Reaper is a critical tool for managing Apache Cassandra. Kubernetes-based deployments of Cassandra are no exception to this. Automation is the name of the game with Kubernetes operators. It therefore makes sense that Cass Operator should have tight integration with Reaper. Fortunately, Cass Operator v1.3.0 introduced support for Reaper. This post will take a look at what that means in practice.

Note: If you want to try the examples in this post, install Cass Operator using the instructions in the project’s README.

Pods

Before we dive into the details, let’s take a moment to talk about Kubernetes pods. If you think a pod refers to a container, you are mostly right. A pod actually consists of one or more containers that are deployed together as a single unit. The containers are always scheduled together on the same Kubernetes worker node.
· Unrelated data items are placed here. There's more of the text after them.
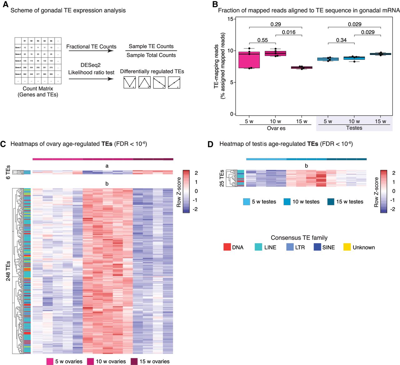 TE expression dynamics in the aging turquoise killifish gonad. (A) Scheme for TE transcriptional analysis in aging gonads. TE DGE was conducted similar to genic DGE analysis (see Methods) and labeled with nomenclature from Figure 2A. (B) Proportion of reads assigned to TEs from each library. Significance in nonparametric Wilcoxon rank-sum test. (C) Heatmaps of mRNA expression for TEs significantly regulated with age in aging killifish ovaries by DESeq2 LRT (FDR < 10−6). TE family color-coded for each row. (D) Heatmaps of mRNA expression for TEs significantly regulated with age in aging killifish testes by DESeq2 LRT (FDR < 10−6).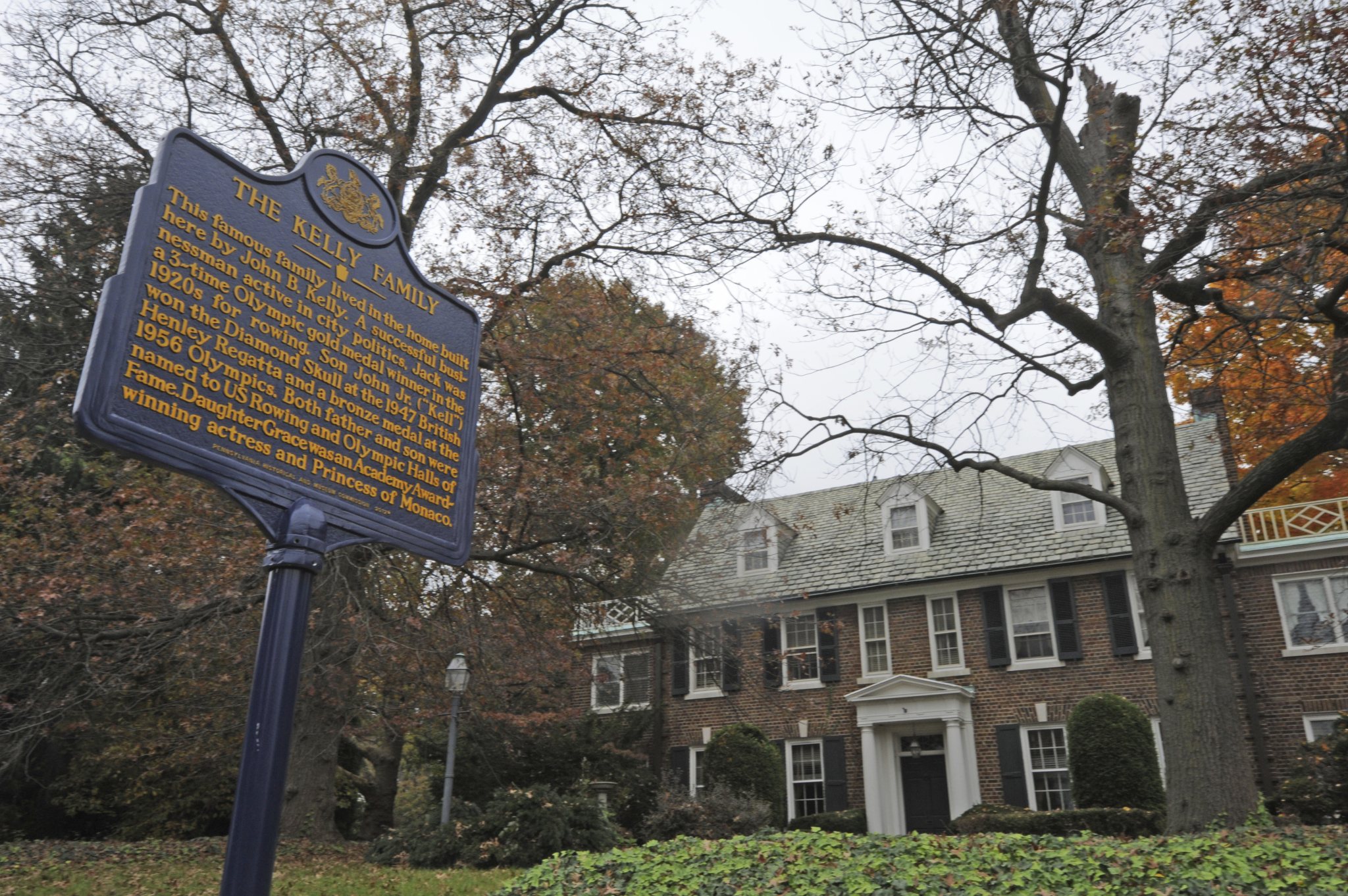 The home was built in 1935 by Kelly’s father, John B. Kelly. He was a three-time Olympic gold medal-winning rower in the 1920s and later a prominent businessman active in Philadelphia politics. A sign posted outside designates the structure as a Pennsylvania historical landmark.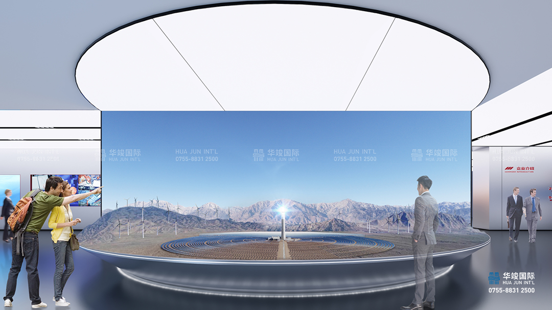 在蒼茫的戈壁灘上一朵盛開的“太陽花”,結合數字場景模型,打造沉浸式情景劇場,營造浩瀚廣袤、生機勃勃的空間氛圍,展示從聚光、集熱、儲熱到發電的全流程塔式光熱發電核心技術,實現了核心裝備的產業化、國產化。
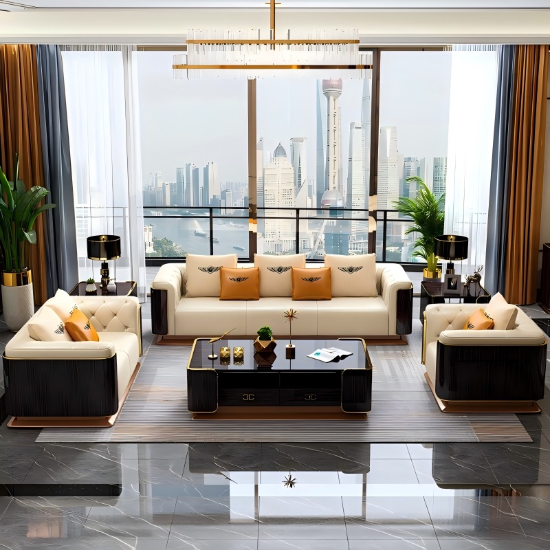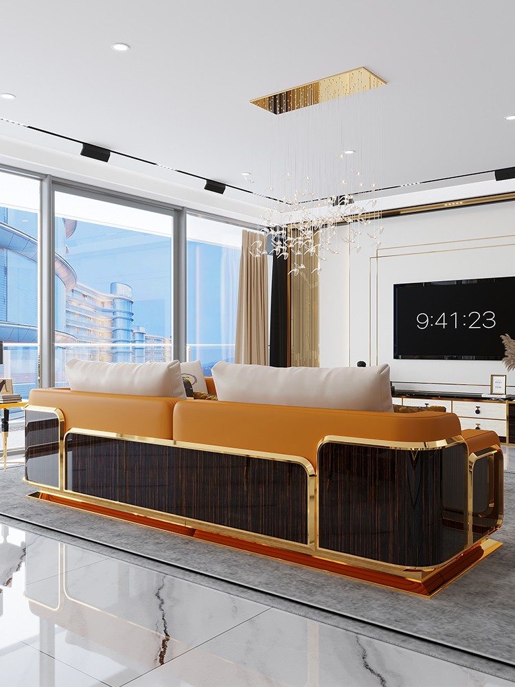 Det modulære gratis kombinationsdesign giver dig mulighed for frit at kombinere hoved Sofa + Chaise Longue + enkelt sæde for at imødekomme de sociale behov hos 3-8 personer. Det importerede italienske Nappa -læder matches med tynde metalben, der præsenterer en moderne lys luksus æstetik.

Containers within a pod share network resources and can communicate with each other over localhost. This lends itself very nicely to the proxy pattern. You will find plenty of great examples of the proxy pattern implemented in service meshes.

Containers within a pod also share storage resources. The same volume can be mounted within multiple containers in a pod. This facilitates the sidecar pattern, which is used extensively for logging, among other things.

The Cassandra Pod

Now we are going to look at the pods that are ultimately deployed by Cass Operator. I will refer to them as Cassandra pods since their primary purpose is running Cassandra.

Consinder the following CassandraDatacenter:

# example-cassdc.yaml

apiVersion: cassandra.datastax.com/v1beta1
kind: CassandraDatacenter
metadata:
  name: example
spec:
  clusterName: example
  serverType: cassandra
  serverVersion: 3.11.6
  managementApiAuth:
    insecure: {}
  size: 3
  allowMultipleNodesPerWorker: true
  storageConfig:
    cassandraDataVolumeClaimSpec:
      storageClassName: server-storage
      accessModes:
      - ReadWriteOnce
      resources:
        requests:
          storage: 5Gi

Create the CassandraDatacenter as follows:

$ kubectl apply -f example-cassdc.yaml

Note: This example as well as the later one specify serverVersion: 3.11.6 for the Cassandra version. Cassandra 3.11.7 was recently released, but Cass Operator does not yet support it. See this ticket for details.

Note: Remember to create the server-storage StorageClass.

It might take a few minutes for the Cassandra cluster to fully initialize. The cluster is ready when the Ready condition in the CassandraDatacenter status reports True, e.g.,

$ kubectl -n cass-operator get cassdc example -o yaml
...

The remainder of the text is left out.